* [YOUR ASSIGNMENT]:
No pictures go into the copy. Write out exactly the lines below from the one containing "你需要在 Kubernetes 中创建一个" through the one containing "엄마 이제 퇴근이야!".

* [SUPPLIED ENTRIES]:
%%
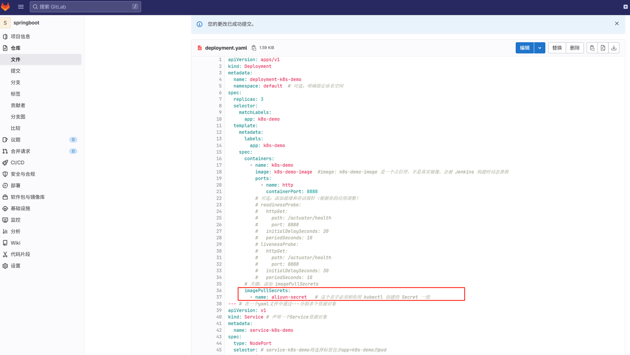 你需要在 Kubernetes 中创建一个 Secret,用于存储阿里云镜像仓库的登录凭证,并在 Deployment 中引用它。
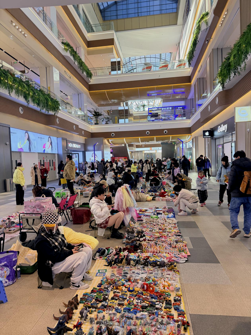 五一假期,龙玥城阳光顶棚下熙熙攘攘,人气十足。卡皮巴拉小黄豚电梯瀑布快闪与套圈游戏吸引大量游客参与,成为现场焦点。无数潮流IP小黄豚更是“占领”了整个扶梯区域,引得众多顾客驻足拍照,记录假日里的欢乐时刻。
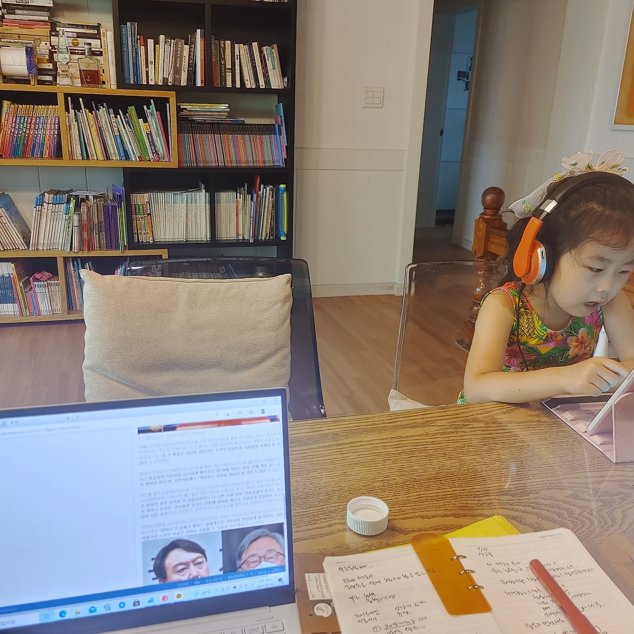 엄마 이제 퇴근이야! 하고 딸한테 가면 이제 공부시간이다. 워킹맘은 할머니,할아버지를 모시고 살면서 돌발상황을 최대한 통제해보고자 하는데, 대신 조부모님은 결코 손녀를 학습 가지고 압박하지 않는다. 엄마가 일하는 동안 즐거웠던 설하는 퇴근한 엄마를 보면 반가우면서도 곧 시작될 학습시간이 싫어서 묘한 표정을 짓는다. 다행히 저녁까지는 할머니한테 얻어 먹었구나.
%%
%%
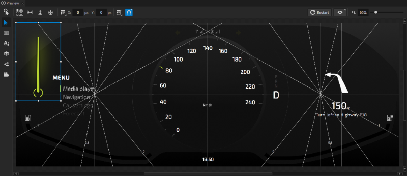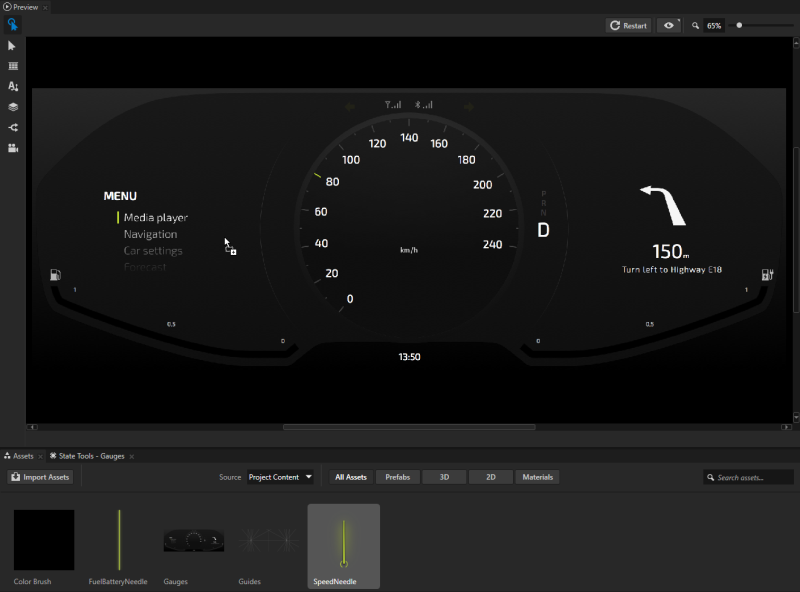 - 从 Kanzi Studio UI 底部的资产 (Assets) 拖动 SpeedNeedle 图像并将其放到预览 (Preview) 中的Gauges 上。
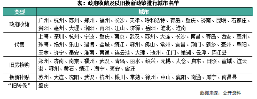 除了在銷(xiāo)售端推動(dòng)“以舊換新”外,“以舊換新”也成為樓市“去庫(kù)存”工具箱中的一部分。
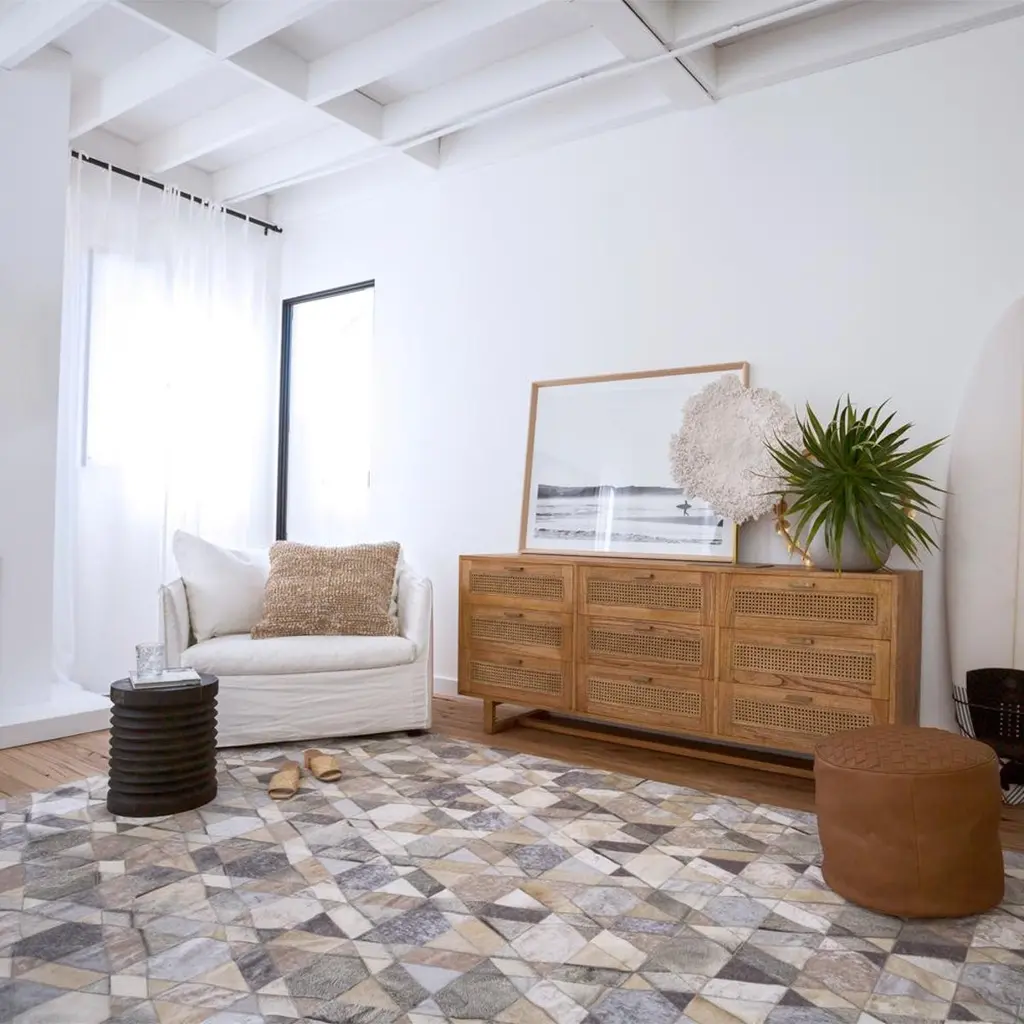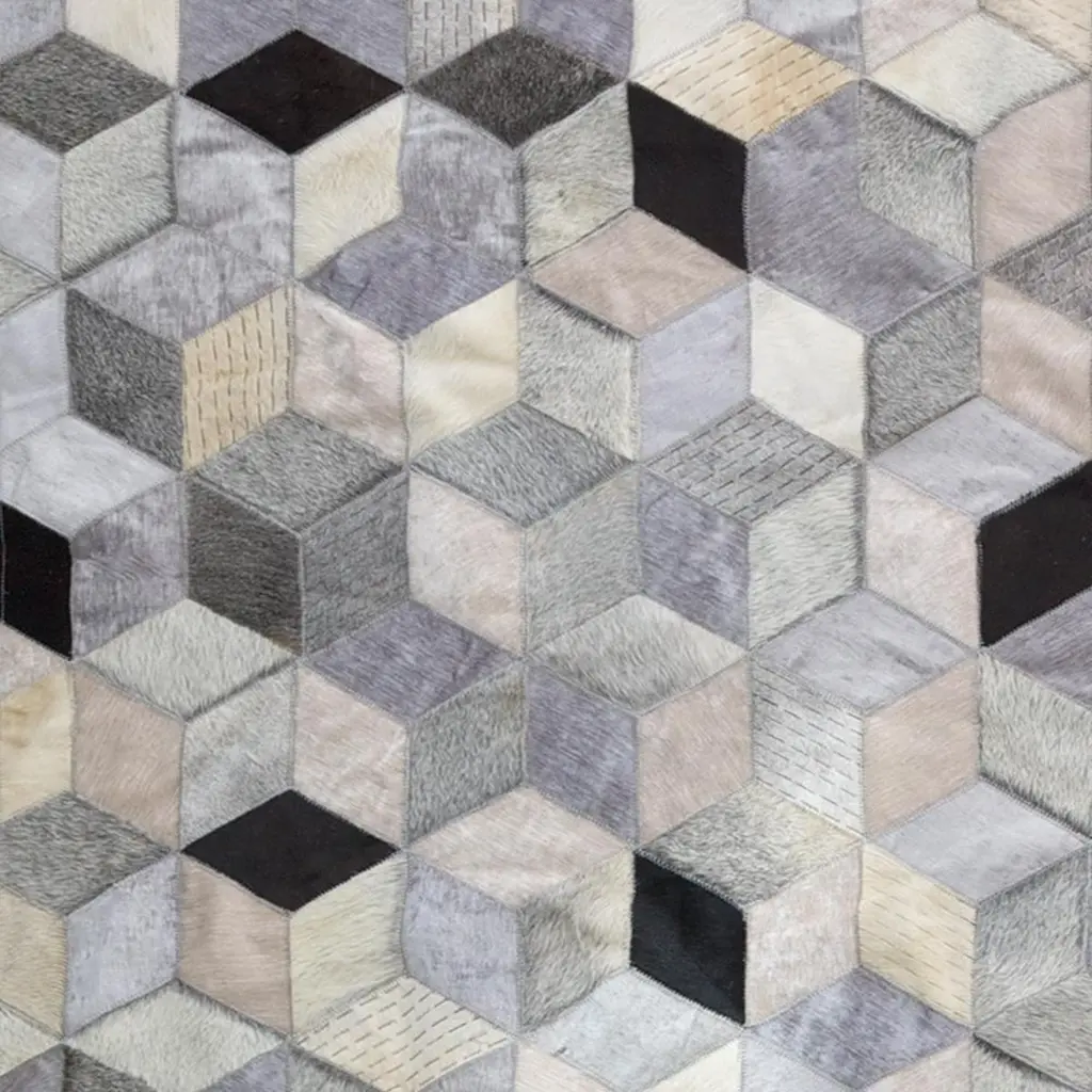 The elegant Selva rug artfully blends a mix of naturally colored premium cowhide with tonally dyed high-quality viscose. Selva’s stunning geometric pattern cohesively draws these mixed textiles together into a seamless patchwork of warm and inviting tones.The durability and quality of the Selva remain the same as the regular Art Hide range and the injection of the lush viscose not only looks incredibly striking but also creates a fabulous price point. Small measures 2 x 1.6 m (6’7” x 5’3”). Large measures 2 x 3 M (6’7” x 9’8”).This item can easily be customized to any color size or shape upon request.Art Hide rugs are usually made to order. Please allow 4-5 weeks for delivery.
%%
%%
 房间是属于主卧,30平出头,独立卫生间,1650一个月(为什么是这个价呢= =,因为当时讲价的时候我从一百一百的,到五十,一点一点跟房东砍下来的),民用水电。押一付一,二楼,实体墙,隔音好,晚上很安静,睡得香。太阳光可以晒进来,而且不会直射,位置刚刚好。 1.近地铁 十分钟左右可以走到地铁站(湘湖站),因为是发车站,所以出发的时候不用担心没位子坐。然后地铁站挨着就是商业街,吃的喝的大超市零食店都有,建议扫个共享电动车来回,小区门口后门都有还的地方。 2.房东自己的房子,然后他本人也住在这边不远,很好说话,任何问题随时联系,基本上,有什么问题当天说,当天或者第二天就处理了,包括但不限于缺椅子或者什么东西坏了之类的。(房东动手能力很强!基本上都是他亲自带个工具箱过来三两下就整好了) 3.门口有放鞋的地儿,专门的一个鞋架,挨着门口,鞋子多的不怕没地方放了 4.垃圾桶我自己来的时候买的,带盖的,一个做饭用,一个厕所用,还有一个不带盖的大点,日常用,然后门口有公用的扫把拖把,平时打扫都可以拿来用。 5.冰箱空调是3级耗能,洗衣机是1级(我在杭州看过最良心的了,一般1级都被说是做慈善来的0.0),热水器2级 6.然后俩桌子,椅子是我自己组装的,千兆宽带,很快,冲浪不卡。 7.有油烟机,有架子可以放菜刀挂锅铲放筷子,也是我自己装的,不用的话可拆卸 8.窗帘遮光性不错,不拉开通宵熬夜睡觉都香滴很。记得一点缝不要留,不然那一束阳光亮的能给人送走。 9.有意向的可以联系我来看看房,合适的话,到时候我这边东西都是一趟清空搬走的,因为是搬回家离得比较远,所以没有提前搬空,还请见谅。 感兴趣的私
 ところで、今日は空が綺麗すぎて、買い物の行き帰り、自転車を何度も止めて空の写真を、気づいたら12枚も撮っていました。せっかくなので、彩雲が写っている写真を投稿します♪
%%
* [REPLY]:
 你需要在 Kubernetes 中创建一个 Secret,用于存储阿里云镜像仓库的登录凭证,并在 Deployment 中引用它。
 五一假期,龙玥城阳光顶棚下熙熙攘攘,人气十足。卡皮巴拉小黄豚电梯瀑布快闪与套圈游戏吸引大量游客参与,成为现场焦点。无数潮流IP小黄豚更是“占领”了整个扶梯区域,引得众多顾客驻足拍照,记录假日里的欢乐时刻。
 엄마 이제 퇴근이야! 하고 딸한테 가면 이제 공부시간이다. 워킹맘은 할머니,할아버지를 모시고 살면서 돌발상황을 최대한 통제해보고자 하는데, 대신 조부모님은 결코 손녀를 학습 가지고 압박하지 않는다. 엄마가 일하는 동안 즐거웠던 설하는 퇴근한 엄마를 보면 반가우면서도 곧 시작될 학습시간이 싫어서 묘한 표정을 짓는다. 다행히 저녁까지는 할머니한테 얻어 먹었구나.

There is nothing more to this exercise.